This study investigates the existence of perfect error-correcting codes in symmetric bounded-magnitude error channels, where up to $e$ coordinates suffer integer errors of magnitude at most $s$. By generalizing the Elias bound and integrating geometric tiling theory with combinatorial analysis, the work characterizes the tiling properties of error spheres in integer lattice spaces without assuming any underlying lattice structure. For the first time, asymptotic bounds on $e$ are established for varying $s$: specifically, $e = O(\sqrt{n \log n})$ when $s = 1,2$, and $e < \sqrt{12.36n}$ when $s \geq 3$. The results yield new necessary conditions for the existence of perfect codes, an upper bound on the packing density of non-perfect codes, and reveal an inverse relationship between error-correction capability and error magnitude $s$.
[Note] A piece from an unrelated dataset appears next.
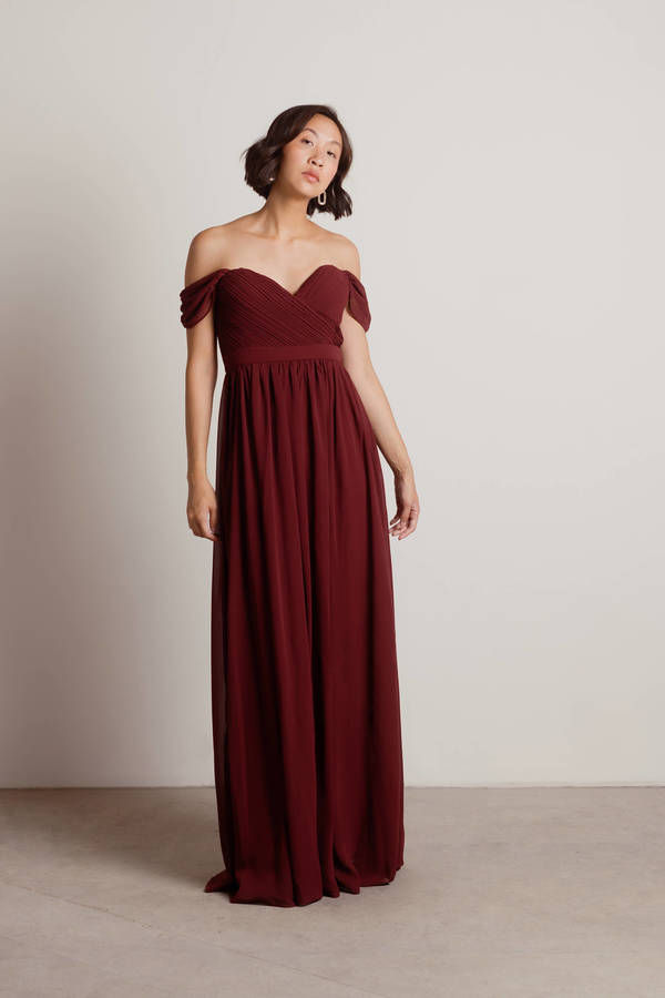 Adrienne Off The Shoulder Sweetheart Maxi Dress - Wine
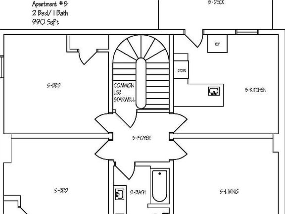 - Total interior livable area: 990 sqft

We study perfect error-correcting codes in $\mathbb{Z}^n$ for the symmetric limited-magnitude error channel, where at most $e$ coordinates of an integer vector may be altered by a value whose magnitude is at most $s$. Geometrically, such codes correspond to tilings of $\mathbb{Z}^n$ by the symmetric limited-magnitude error ball $\mathcal{B}(n,e,s,s)$. Given $n$ and $s$, we adapt the geometric ideas underlying the Elias bound for the Hamming metric to the distance $d_s$ tailed for this channel, and derive new necessary conditions on $e$ for the existence of perfect codes / tilings, without assuming any lattice structure. Our main results identify two distinct regimes depending on the error magnitude. For small error magnitudes ($s \in \{1, 2\}$), we prove that if the number of correctable errors does not exceed a certain fraction of $n$, then it is asymptotically bounded by $e = \mathcal{O}(\sqrt{n \log n})$. In contrast, for larger magnitudes ($s \geq 3$), we establish a significantly sharper bound of $e<\sqrt{12.36n}$, which holds without any restriction on $e$ being below a given fraction of $n$. Finally, by extending our method to non-perfect codes, we derive an upper bound on packing density, showing that for codes correcting a linear or $\Omega(\sqrt{n})$ number of errors, the density is bounded by a factor inversely proportional to the error magnitude $s$.